Little research has been done to discover how to help users get search right the first time or engage users in the process of reformulation. Based on a study of people shopping on various e-commerce sites, Nielsen (2001) concluded that users are very poor at query reformulation. If users did not find the desired result on the first try, they often gave up. His study revealed a success rate of 51% on the first query, followed by 32% on the second query, and 18% on the third. In a similar study, Spool (2001) achieved almost identical results. In other words, users were progressively less likely to find the desired result on subsequent queries, and almost half quit after their first unsuccessful search.
Nielsen suggests that more effort should be invested to increase users' success on the first search attempt. Studies (Belkin, 2001; Belkin, 2002) have revealed that this can be achieved by assisting users in the initial query formulation. Simple features like spellchecking support, improved labels in the user interface, and a more generous text input area could potentially improve search performance.
When
users make spelling mistakes, their search often yields no results. This
happens when search terms are not in the index, the user misspells
the terms, or the user does not know the proper inflection of a word entered
as a search term. In a study conducted by Dalianis (2002), approximately
10% of all queries sampled were potentially erroneous. Current search engines
such as Google and Yahoo! Search analyze terms after the query has
been submitted by the client application. For example, Google implements
software that parses a query to see if each term matches the most common
version of a word's spelling. If it determines that aternative spellings
of query term(s) would generate more relevant search results, the results
page links to a new search based upon a spelling suggestion, preceeded
by the familiar phrase, "Did you mean:" (Google,
2004a).
Over the past couple of years, there has been a trend to integrate search functionality into client applications. Google makes a tool bar that docks into Microsoft Internet Explorer 5.0 or later (Google, 2004b), and Apple's Safari browser ships with a built-in Google search field (Apple, 2004a). Many common mispelled queries could be completely avoided by adding a spellchecker feature that "listens" to the search field of the previous examples. A passive error indicator, like the red, zig-zag underline found in Microsoft Word, could signal a potential mispelling without interrupting the typing flow of the user. Figure 1 illustrates the proposed spelling error indicator. Neither Safari or the Google Tool Bar implement this feature. To date, no research has been conducted to determine what percentage of query errors this feature could prevent.
Belkin (2002) recommends providing search interface labels that elicit verbose information problem descriptions. He asserts that asking users to enter queries as complete sentences or questions, as opposed to lists of keywords or phrases, "led to significantly longer queries (even after non-content words were removed)." For example, in an experimental search interface, Belkin (2002) labeled the query input field with the phrase, "Please describe your information problem in detail," instead of the Web standard "Search" or "Go." This subtle difference in labeling resulted in substantially and significantly longer queries, significantly increased satisfaction with search results, and significantly fewer query iterations per search.
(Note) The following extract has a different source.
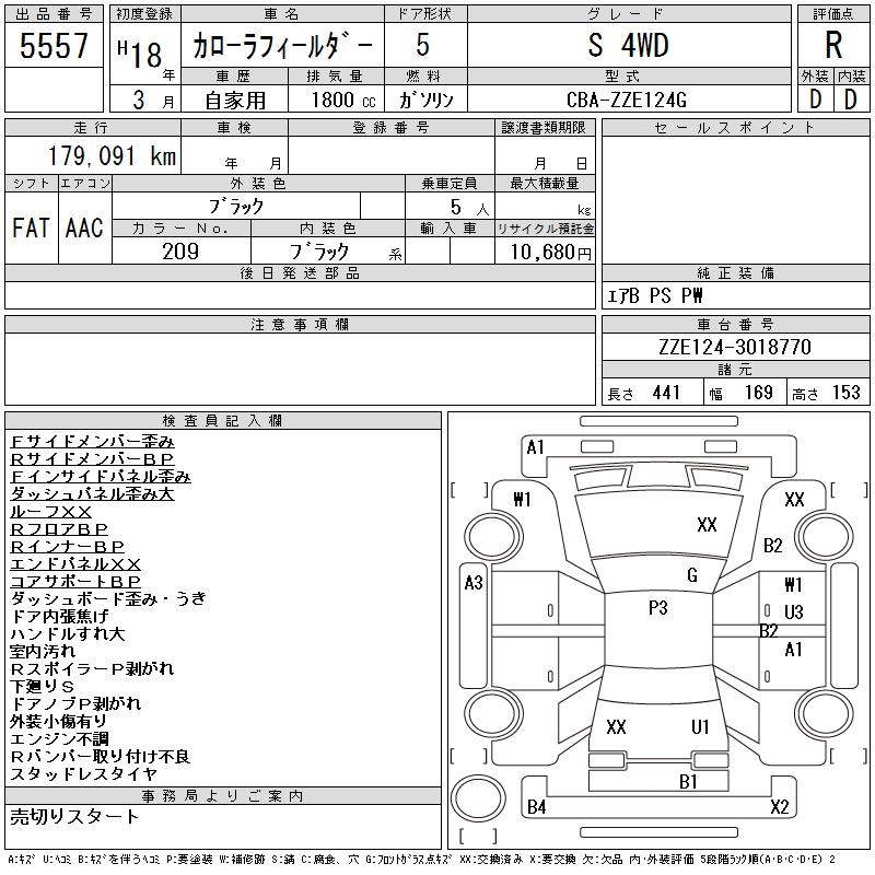 TOYOTA COROLLA FIELDER - лот 5557
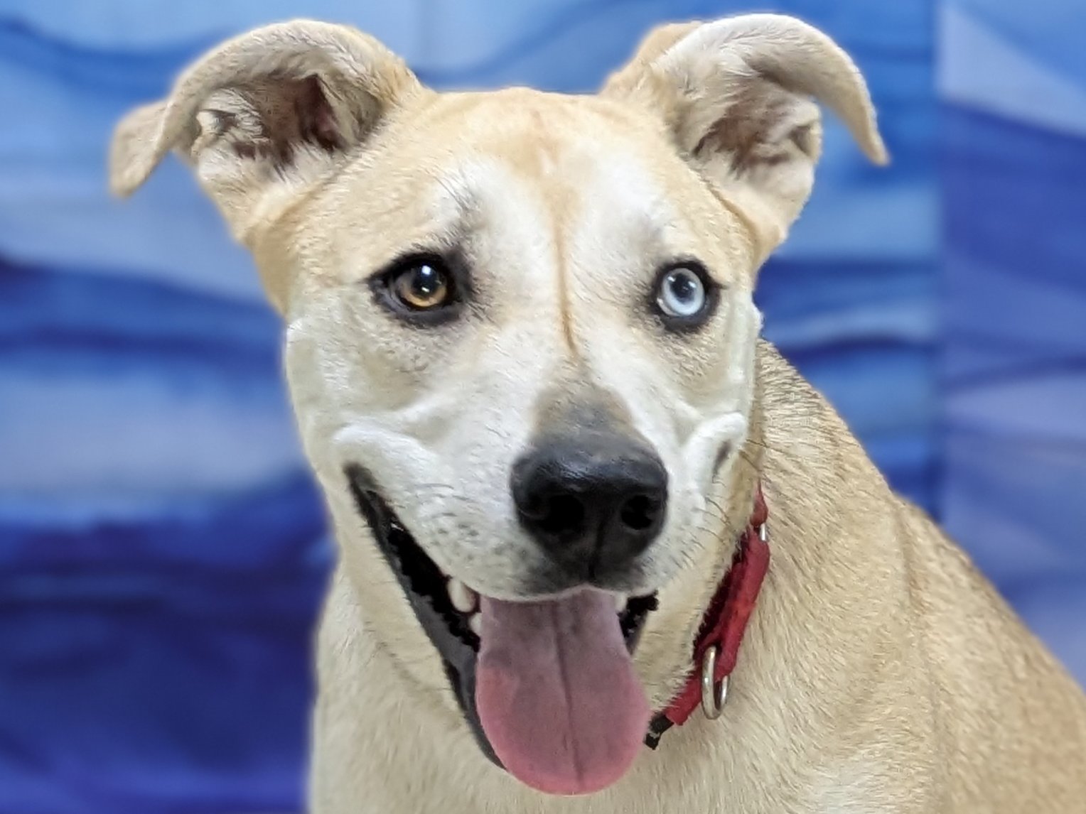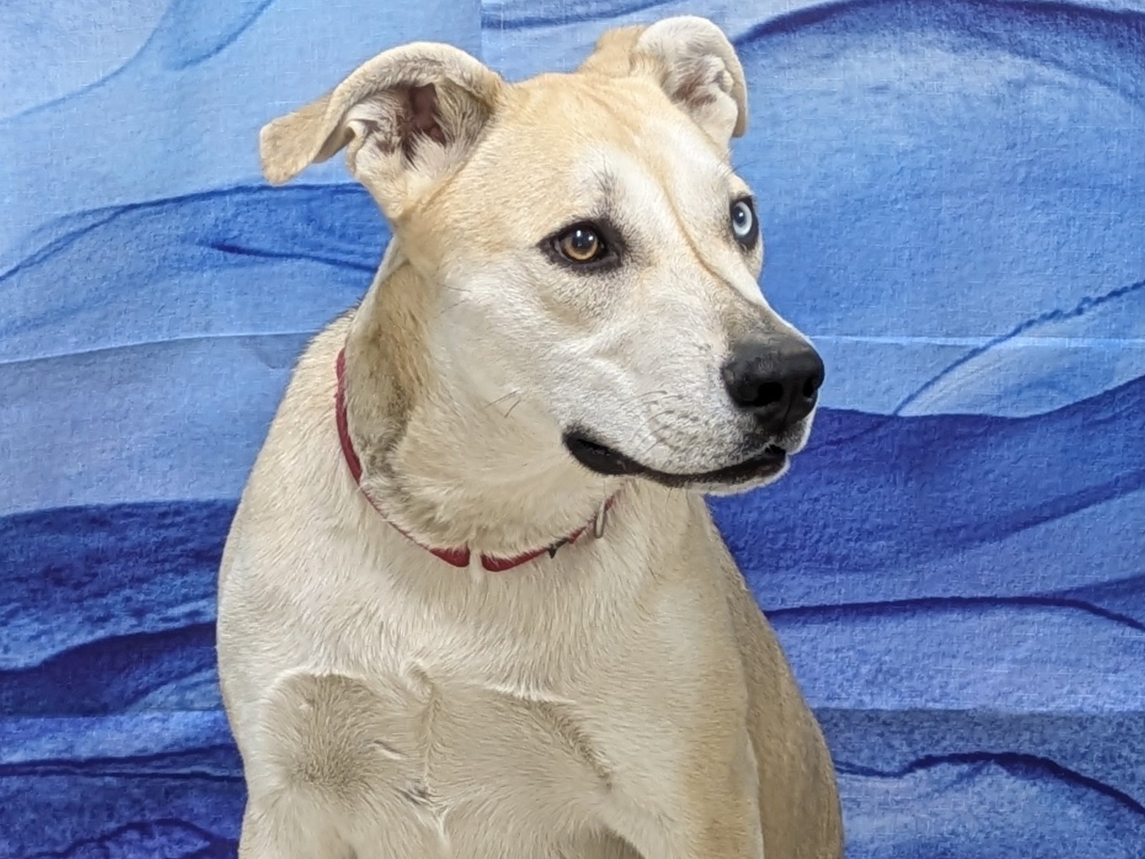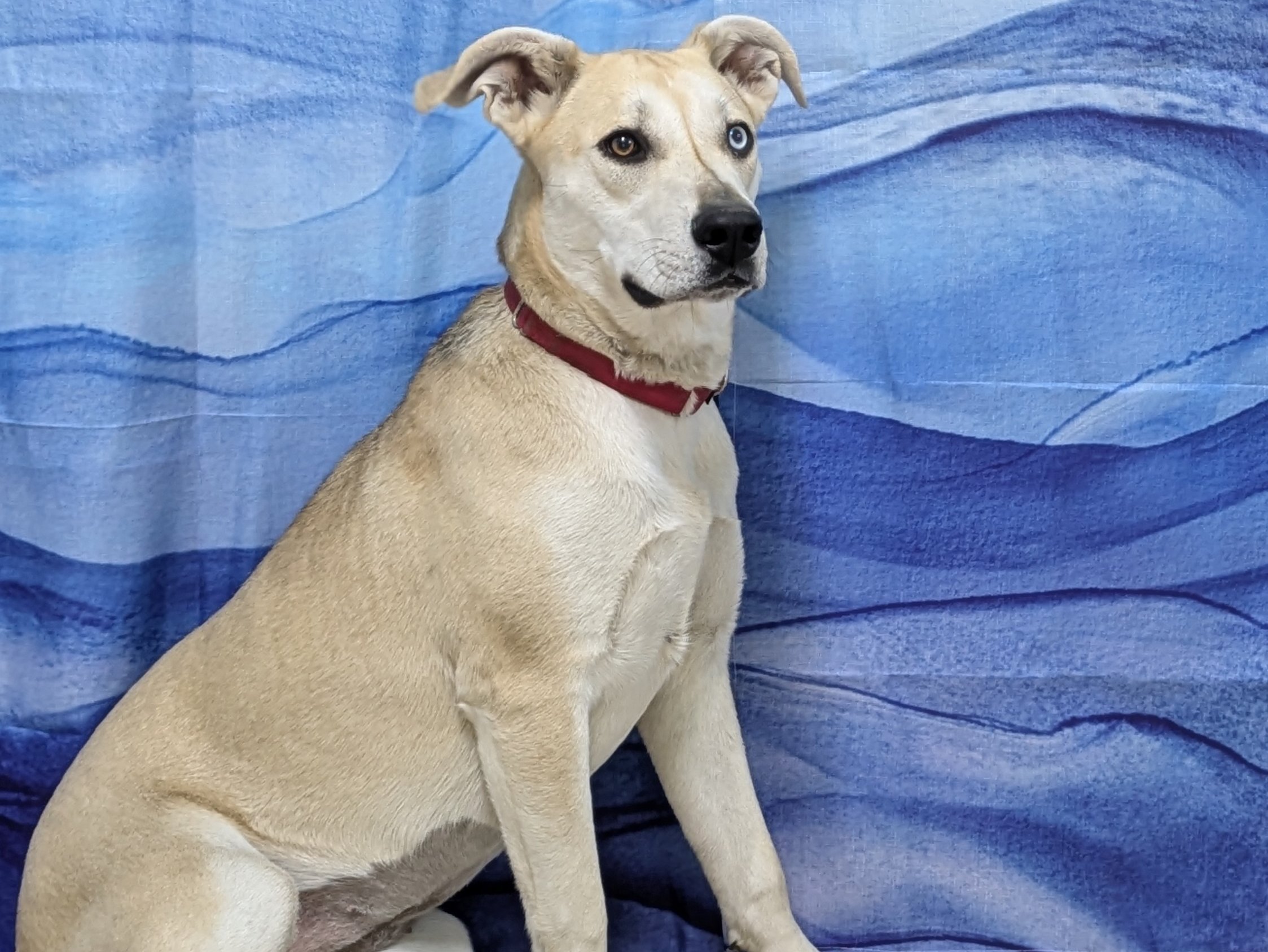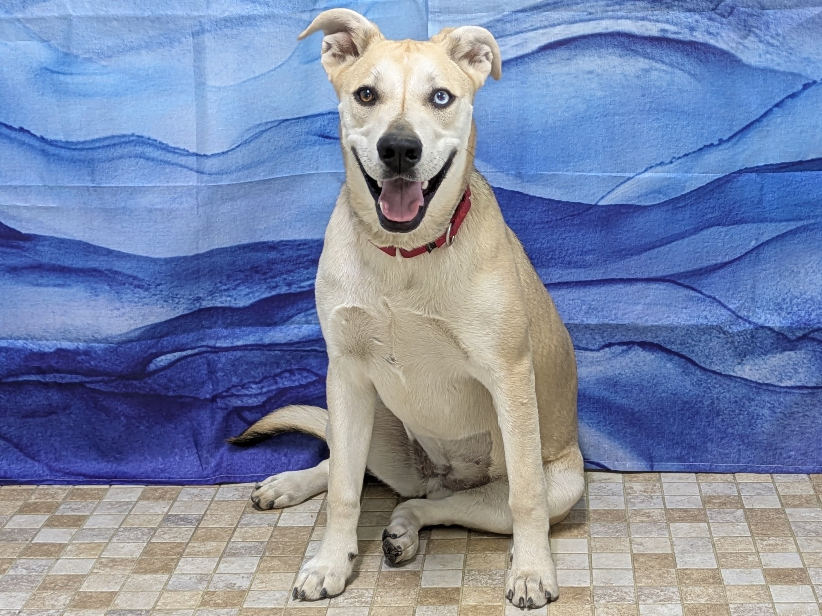 Please do not call the shelter; do the application first. With one striking blue eye and one warm brown eye, Osa is as unique on the outside as she is in personality. She likely carries some Australian Shepherd or Husky traits along with her reported Rhodesian Ridgeback background—whatever her mix, she is 100% sweetheart. Osa is the sister of Ollie and Bennie, who were both adopted through Forget Me Not earlier this summer. While her previous owner kept her at the time, circumstances took a difficult turn, and Osa was recently brought to us by the sheriff after being found abandoned in an empty apartment. Now, this resilient girl is more than ready to start fresh with a loving family that will truly be hers forever. Born around 1/1/25, Osa is a happy, expressive dog who seems to always be smiling. She weighs just under 60 pounds, gets along well with other dogs, and was polite when meeting our dog-savvy test cat—so with proper, patient introductions, she may do well with a confident feline friend. Osa is housetrained, though she occasionally exhibits submissive urination during greetings or moments of uncertainty. A calm, supportive home with positive interactions will help her build confidence and grow past this behavior. Right now, human connection is Osa’s top priority. After her experience with abandonment, she gravitates toward people and wants to stay close to them, choosing affection over toys every time. We’re confident she’ll learn to enjoy play in time—she simply needs the security of a loving presence first. She’s already quite good on leash and is starting to understand “sit.” She does sometimes jump up for attention, so she’ll be a better fit for homes with older children who won’t be toppled like Weebles by her enthusiastic affection. Osa is a loving, sensitive girl who has weathered hardship and still greets the world with a smile. If you’re looking for a devoted companion who just wants to bond deeply with her person, Osa may be the perfect addition to your family. All pets arrive spayed/neutered, dewormed, microchipped and vaccinated. Adoption fee for Osa is a suggested minimum of $150 (more gratefully accepted). All pets are placed with a 30-day money-back trial period, to give pet and family enough time to discover any unknown allergies or other conflicts. Can't come to Republic? Don't let that stop you! We have monthly transports to the Seattle area, delivering adopted pets to their new owners. If you can add a little to your donation to help us cover our volunteer driver's expenses, that would be great!

Considering how standard Web search input boxes constrain queries by limiting character length and the visible area of the query (often only large enough to view no more than two words before scrolling), and most likely applying Norman's principle of affordance (1988), Belkin (2001) found that larger text input boxes with multiple (five lines in his experiment) lines yielded longer queries than those from what has become the de facto standard single-line text input box. Investigating the relationship between query length and search performance, Belkin (2001) also found that longer queries lead to better performance and greater satisfaction.
The majority of commercial Web search systems present results as a lengthy ranked list, sometimes numbering in the millions. Such a daunting lists can intimidate and lower the confidence of users. In 1993, Kulthau noted that user emotions are an important element in the search interaction process. New research has attempted to find ways to present results in a way that not only increases user confidence, but also invites interaction to assist in query reformulation.
3.1 Categorized ResultsFor years now, Web searches using popular systems such as Google and Alta Vista have returned long lists of results on multitudes of undifferentiated topics. In 2001, Dumais, Cutrell, and Chen tested new interfaces that categorized search results to help users sort through and make better decisions in selecting resources. Their system implemented an automatic Web page classifier that identified textual patterns in documents and assigned it to categories based upon predefined category model. The study found that every category interface tested was more effective than a list interface. Participants not only preferred a categorized interface, but also were up to 50% faster using this interface.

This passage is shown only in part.